- Theatrical release poster
- Directed by: Miguel García de la Calera
- Written by: Javier Dampierre Ricardo Urroz
- Produced by: Matias Cardone Pedro José de la Fuente García Hans García Carlos Hansen Federico Moreira Adolfo López Sojo
- Starring: Benjamín Vicuña Adriana Ugarte
- Cinematography: Analia Pollio
- Edited by: Damian Tetelbaum
- Music by: Miguel Miranda José Miguel Tobar
- Production companies: Helix La Higuera Films Gonitel Inversiones Cinematográficas Ibermedia Uruguay Audiovisual
- Release dates: November 29, 2024 (Mar del Plata); January 2, 2025 (Uruguay); January 16, 2025 (Chile); July 31, 2025 (Dominican Republic);
- Running time: 112 minutes
- Countries: Spain Dominican Republic Uruguay Chile
- Language: Spanish

= The Silence of Marcos Tremmer =

The Silence of Marcos Tremmer (Spanish: El silencio de Marcos Tremmer) is a 2024 romantic drama film directed by Miguel García de la Calera and written by Javier Dampierre and Ricardo Urroz.

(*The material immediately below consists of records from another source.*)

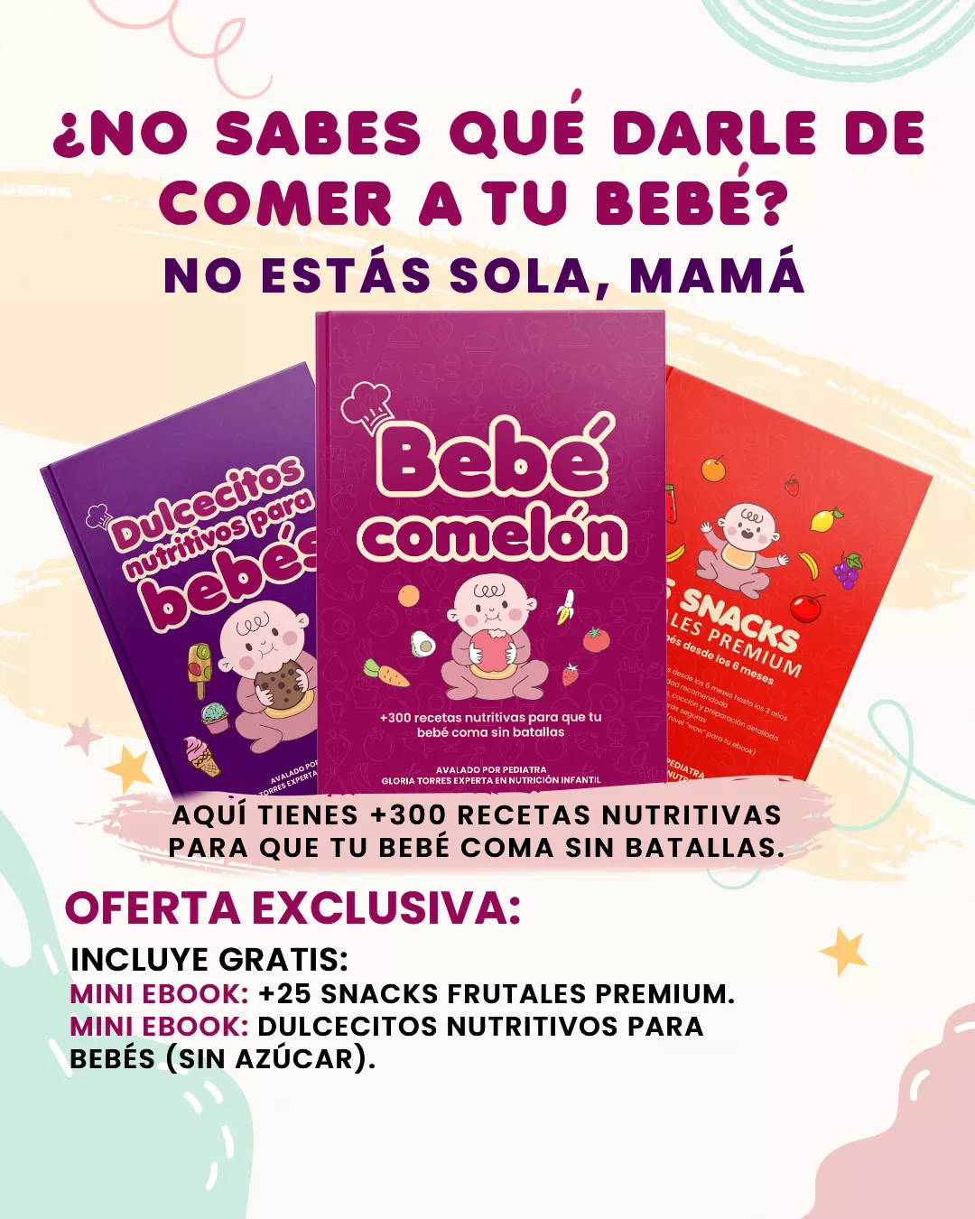 Bebé Comelón es una guía práctica creada para ayudarte a alimentar a tu bebé con seguridad, confianza y sin estrés. Incluye más de 300 recetas nutritivas, organizadas por etapa, con ingredientes fáciles y preparaciones claras para que sepas exactamente qué ofrecer y cómo hacerlo, sin dudas ni peleas a la hora de comer.
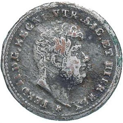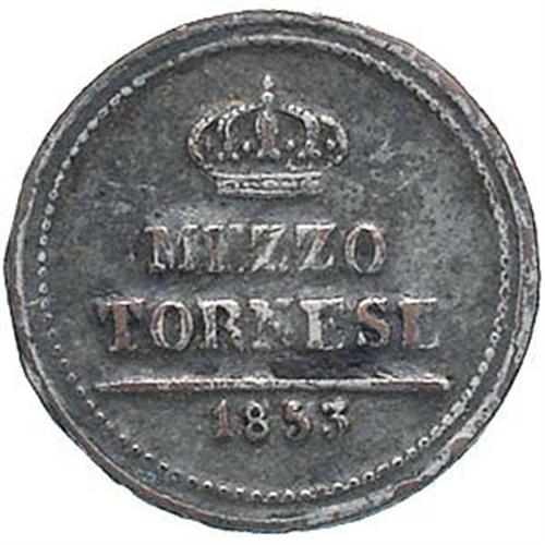 Monete e Medaglie di Zecche Italiane. Napoli. Ferdinando II (1830-1859). 1/2 tornese 1853. P.R. 476c var. RR. AE argentato. BB. Queste monete venivano a volte argentate per confonderle con i 5 grana. Interessante 'contraffazione' d'epoca.
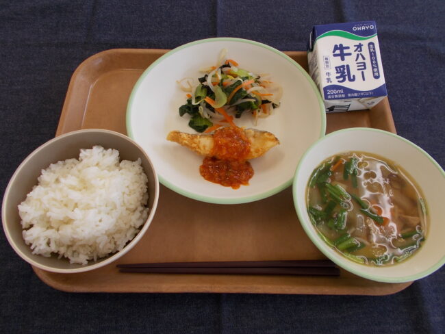 ごはん 牛乳 白身魚のチリソース 華風あえ 春雨スープ(703キロカロリー)

It stars Benjamín Vicuña and Adriana Ugarte as a couple whose relationship will be affected when Marcos Tremmer is diagnosed with a fatal illness.

A co-production between Spain, the Dominican Republic, Uruguay and Chile, the film premiered on November 29, 2024, at the 39th Mar del Plata International Film Festival.

== Sinopsis ==

Marcos Tremmer is a Uruguayan publicist living in Madrid, Spain, with his wife, Lucía, whom he loves dearly. However, Marcos is diagnosed with a life-threatening illness and will soon die. As a result, he distances himself from Lucía so she can rebuild her life without him.

== Cast ==
The actors participating in this film are:

- Benjamín Vicuña as Marcos Tremmer
- Adriana Ugarte as Lucía
- Félix Gómez as Roberto
- Daniel Hendler as Dr. Alejandro Tremmer
- Enrique Villén as Señor Museo
- Hony Estrella as Susana
- Mirta Busnelli as Catalina Tremmer
- Irene Ferreiro as Natalia
- Rodo Castañares as Leonardo
- Julián Valcárcel as Pedro
- Walter Rey as Abelardo
- Andrés López Sierra as Oncologist

== Production ==

Principal photography was divided into three parts. The first phase lasted three weeks between mid-March and early April 2023 in Montevideo and Colonia de Sacramento, Uruguay. The second phase lasted throughout July of the same year in Plaza Mayor and Gran Vía, Madrid, Spain. Finally, the third phase took place between September and October of the same year in Santo Domingo, Dominican Republic.

== Release ==

The Silence of Marcos Tremmer had its world premiere on November 29, 2024, at the 39th Mar del Plata International Film Festival, then screened in December of the same year at the 45th Havana Film Festival, on January 10, 2025, at the Wikén Film Festival, on January 31, 2025, at the 17th Santo Domingo Global Film Festival, and on February 18, 2025, at the 27th Punta del Este International Film Festival.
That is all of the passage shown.